Hacker News new | ask | show | jobs
by dmitrygr 3703 days ago
And this, boys and girls, is why you should never join a second start-up. Join one early, see how it works & learn as much as you can. Do not expect $$$ - you will not make any. Then decide if you want to start your own, or want comfortable well-paid employment at GOOG/AAPL/FB/etc

Do not expect to make money from a start-up unless you started it. If you did not start it, you are the disposable labour. Sorry.

2 comments

Note that the situation has evolved over the last 20 years. During the first tech wave, general employees actually made decent money when the company got sold. I know a bunch of people that walked into early retirement in the 90s.

But, in that first wave, the founders were more likely to be the ones who built the original product. Since then, there's been a dramatic shift from the inventor-run tech company to the financier-run or salesperson-run tech company. In this second generation company, there's considerably less leverage for a non-sales or non-finance employee. I've known a couple people who've gotten rich during the second wave, but none were from the creative team.

If people took your advice Silicon Valley would be toast.
Silicon valley is built on naive dreamers who time and time again expect to make money as startup employees against all rules of logic and contrary to historical data.
Why don't people understand, you don't get rich without risking capital.

Yes, your time is capital. But not when you've already traded it for salary.

Brokers risk their time to try to sell speculative deals. This is why they make a chunk of the deal. No guarantee.

Lawyers get paid by the hour for their time. This is why they can earn a nice living but won't get wildly rich unless they take speculative cases on contingency.

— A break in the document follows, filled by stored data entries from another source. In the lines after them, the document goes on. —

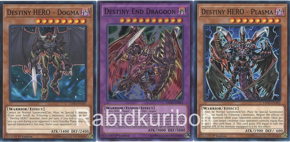 Selling what's listed below. Cards are in near mint or better condition unless specified below. The card(s) edition (1st, unlimited, limited) may be different from what is pictured. If this is important to you, please message me before buying so I can verify. Destiny End Dragoon - DESO-EN013 - Super Rare Destiny HERO - Plasma - LEHD-ENA02 - Common Destiny HERO - Dogma - LEHD-ENA01 - Common Shipping is by USPS. Cards are shipped safely in a top loader.
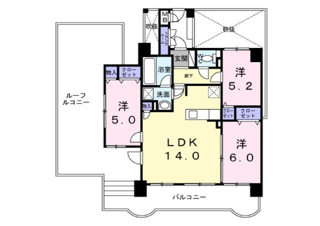 3LDK LDK 14.0帖 1室/洋室 6.0帖 1室/洋室 5.2帖 1室/洋室 5.0帖 1室 |
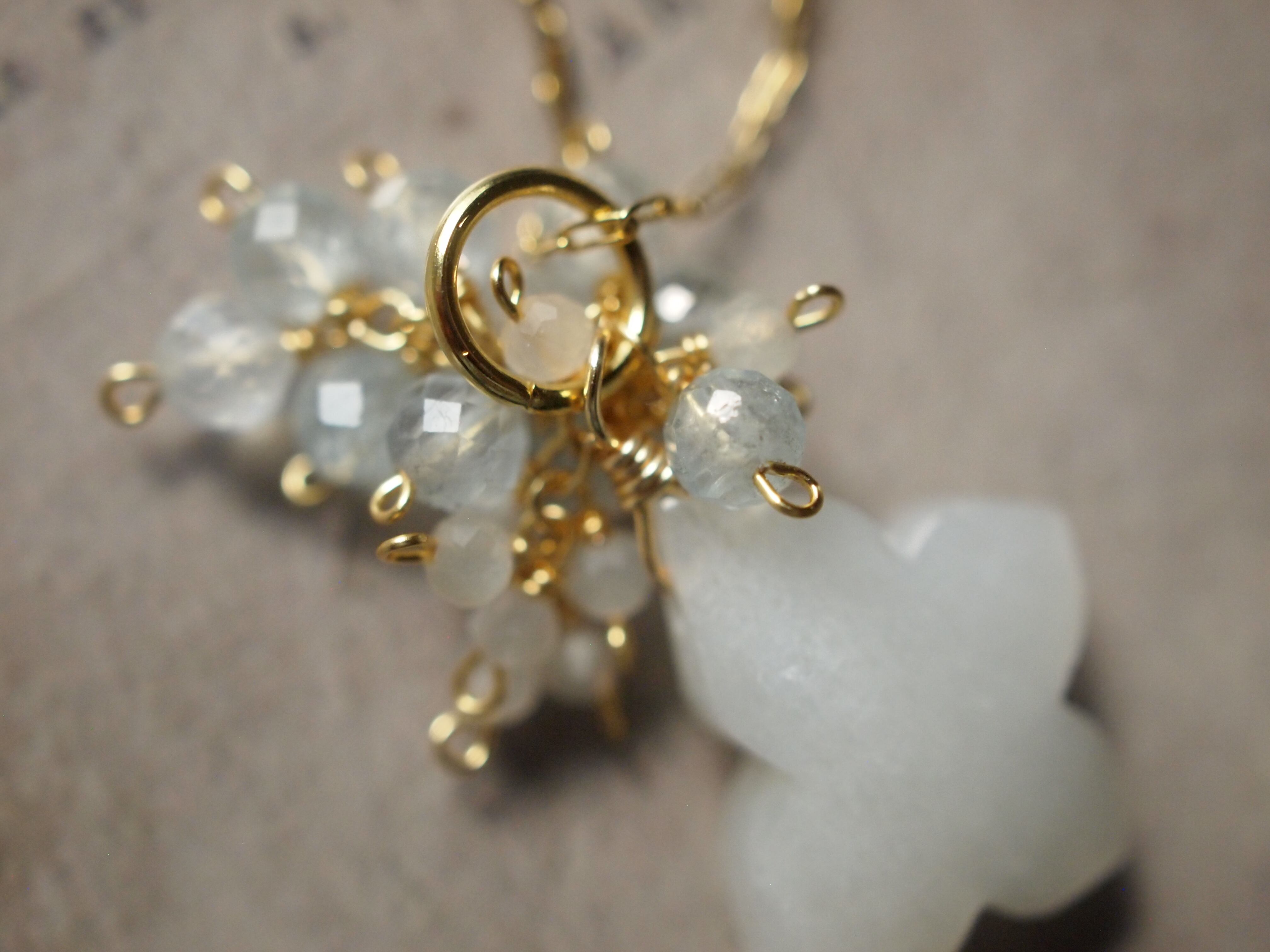 ひとつは、蝶カットのホワイトムーンストーンをメインに、
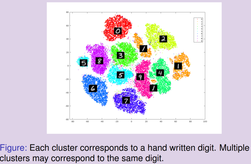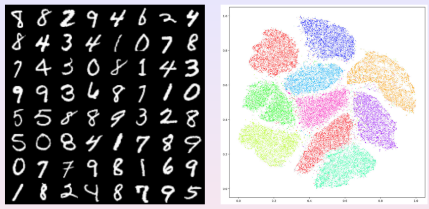 深度学习的第一步就是将这个曲面打到二维平面上,把每一个图像变成一个特征向量,从而实现了降维。手写体数字从0到9共有10个数字,所以其在二维隐空间或者特征空间中有10个团簇。如上图中的右帧,每个团簇用不同的颜色来表示,各自代表一个手写体数字。每个手写体数字代表不同的概率分布,实际上在二维曲面上的分布是不均匀的。
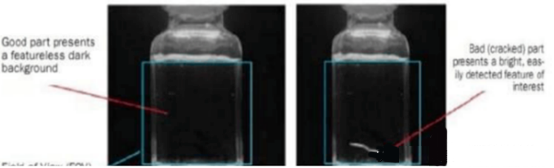 在这个应用当中,用暗场照明来创立一个明亮的,在暗背景下容易检测的感兴趣特征。在一个暗场区域中光线直接通过透明的瓶子。大多数穿透透明对象的光线不会被相机检测到。如果材料不规则,比如有裂纹,一些光线就会凸显出这个不规则。特别是划痕创立了一个内部空缺,这里光线折射和反射,以许多角度散射包括返回给相机。这些光线将很难检测的划痕转换到暗背景下的亮特征。
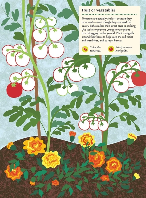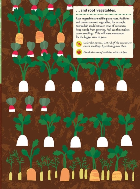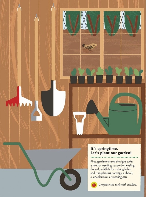 Kleine tuiniers leren verschillende soorten groenten en fruit herkennen, ontdekken hoe je ze juist zaait, water geeft en verzorgt, en welke gereedschappen daarbij nodig zijn. Dankzij de stickers en de quiz is leren leuk, motiverend en vol ontdekkingen.
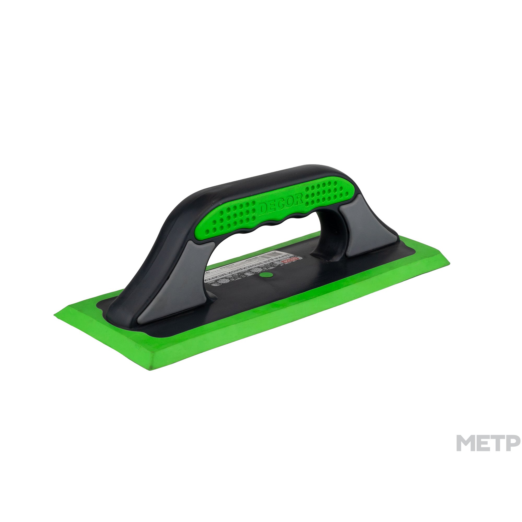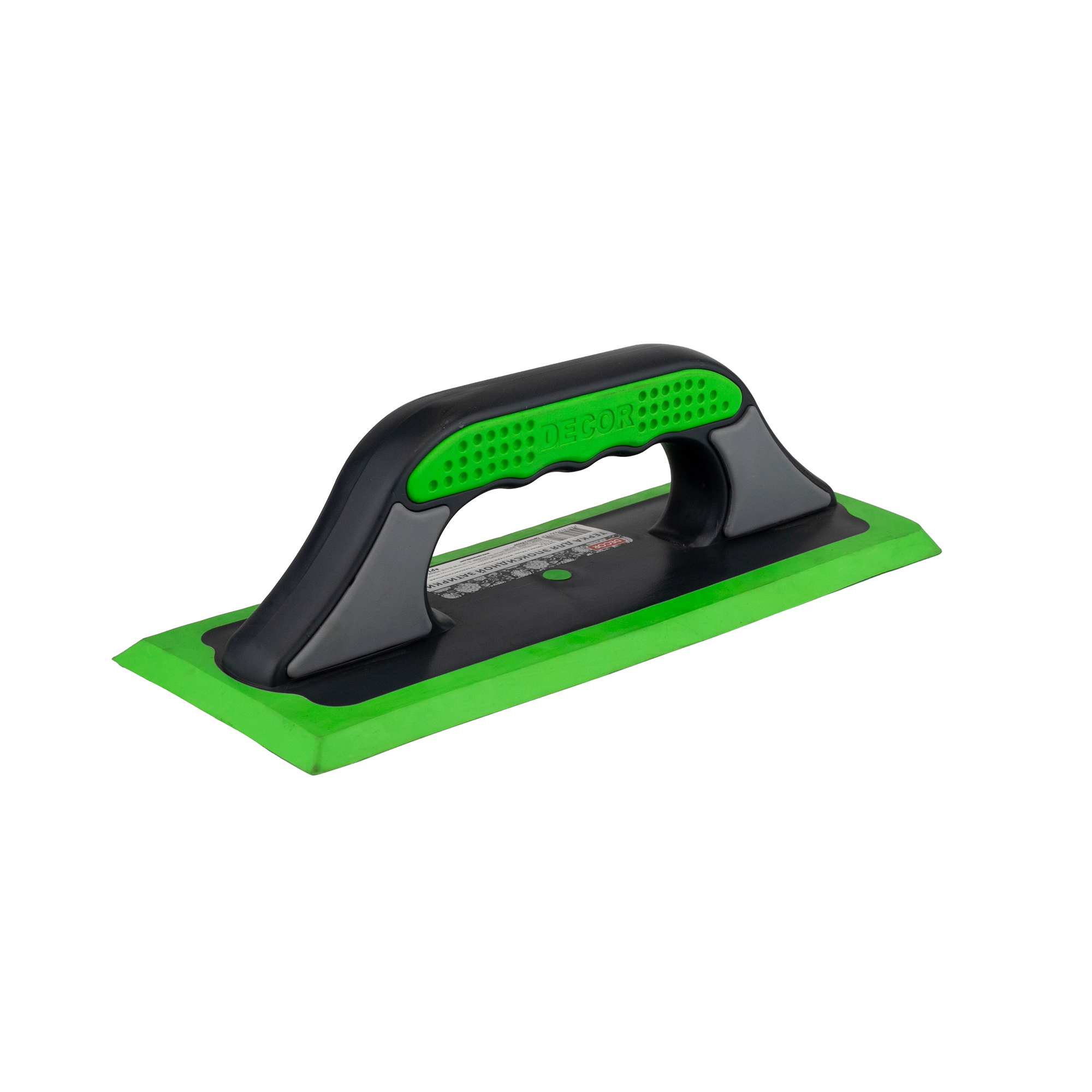 Терка трехкомпонентная ручка, жесткая зеленая резина используется для затирки плиточных швов. Резина влита в основание, что обеспечивает высокую прочность изделия. Материал устойчив к агрессивным составам и воздействию внешней среды. Благодаря увеличенной рабочей зоне, терка подходит для больших поверхностей.

What did the founder risk? OtherPeoples'Money?
Not sure why they're naive. Even if you don't get rich you still make very good money and get nice perks. Why must the end goal to be filthy rich?
Most startups don't even pay enough to rent a 2br apt. Must the end goal be to be single and family-less forever? ;)
From what I can see, the odds of getting rich through stock options at a startup are similar to winning the lottery.
True but this doesn't mean he's not right. 9 out of 10 startups fail. And you usually do make more money if you started it.